Nadler asserted that the first steps toward this future could be in oncology AI, pointing to OpenEvidence’s partnership with the National Comprehensive Cancer Network (NCCN). The two organizations announced a licensing agreement in November to make the NCCN’s oncology guidelines accessible through OpenEvidence’s medical AI tech.

“We’re training an AI that is not a generalist AI in the way that any LLM is, RAG or non-RAG (retrieval-augmented generation). We're training, with NCCN, an AI that is optimized around the objective function of oncological reasoning in very specific clinical contexts. The hard part of the technical work once we do that is the sort of architecture that I've outlined here, which is, how do you get these subspecialist AIs to collaborate on a real patient case?” Nadler said.

An “ensemble" agentic AI architecture could be significantly beneficial to smaller medical practices and providers in rural areas that are often left out of large, enterprise AI integrations that target the bigger health systems, according to Nadler.

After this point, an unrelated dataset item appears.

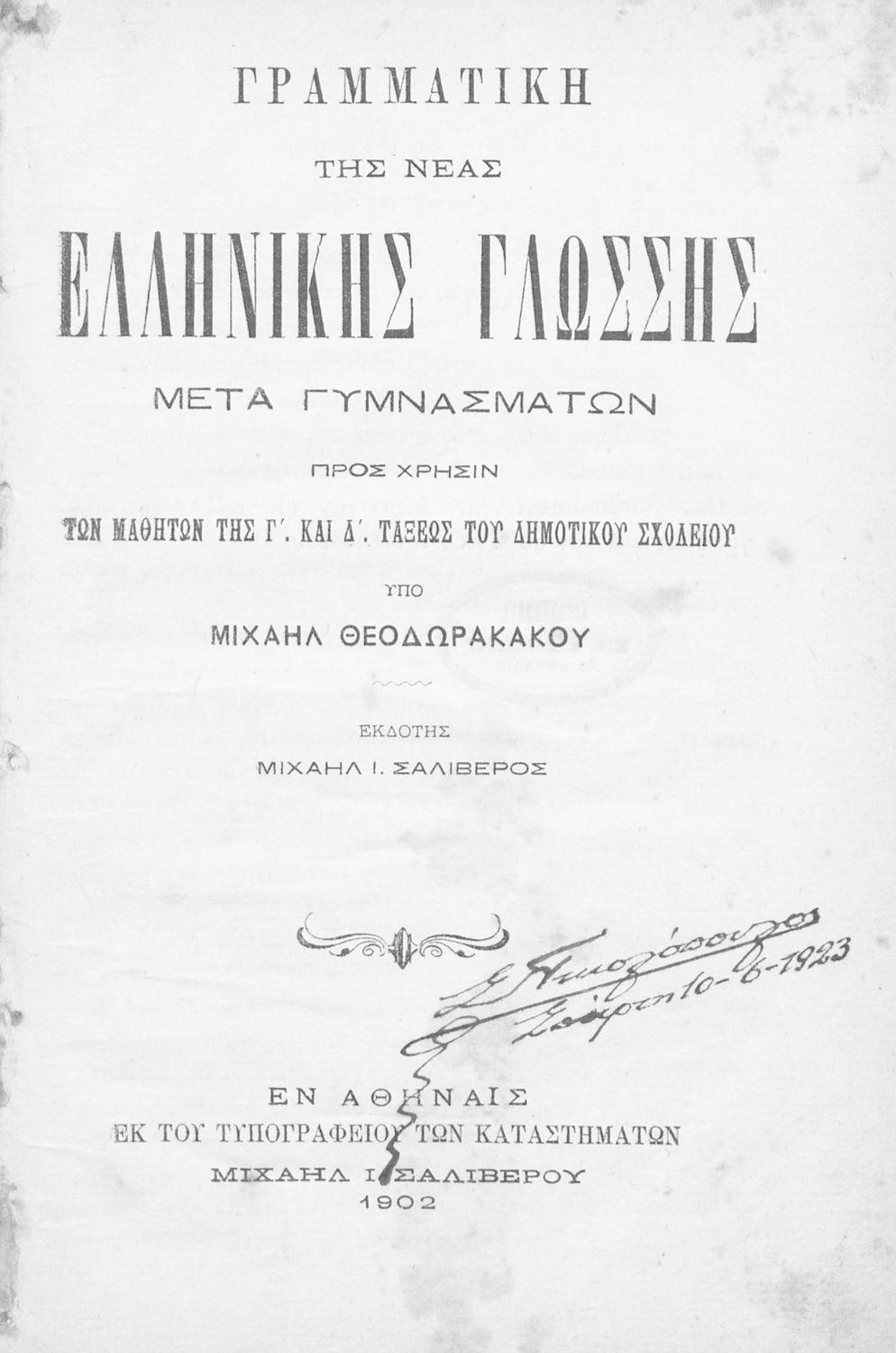 Σχολικό εγχειρίδιο Αρχαίων Ελληνικών που αποτελεί γραμματική της αρχαίας ελληνικής και είναι χωρισμένο σε φθογγολογικό και τυπολογικό μέρος.

“Roughly half of doctors the United States practice in medical practices of 10 or fewer physicians; many of them practice in rural areas, underserved areas,” he said, calling out an email the company received from the medical director of a cancer center in rural Georgia calling OpenEvidence "an incredible lifeline for daily practitioners."

“If you do this sort of system that I'm talking about, and you roll this out across the country, and you roll this out in a very organic, grassroots way, which has been OpenEvidence’s strategy, you marry the best of what we all admire the Mayo Clinic and the Cleveland Clinic for, which is a team of experts, and you marry that with the ability to serve and help the rest of the country,” he said.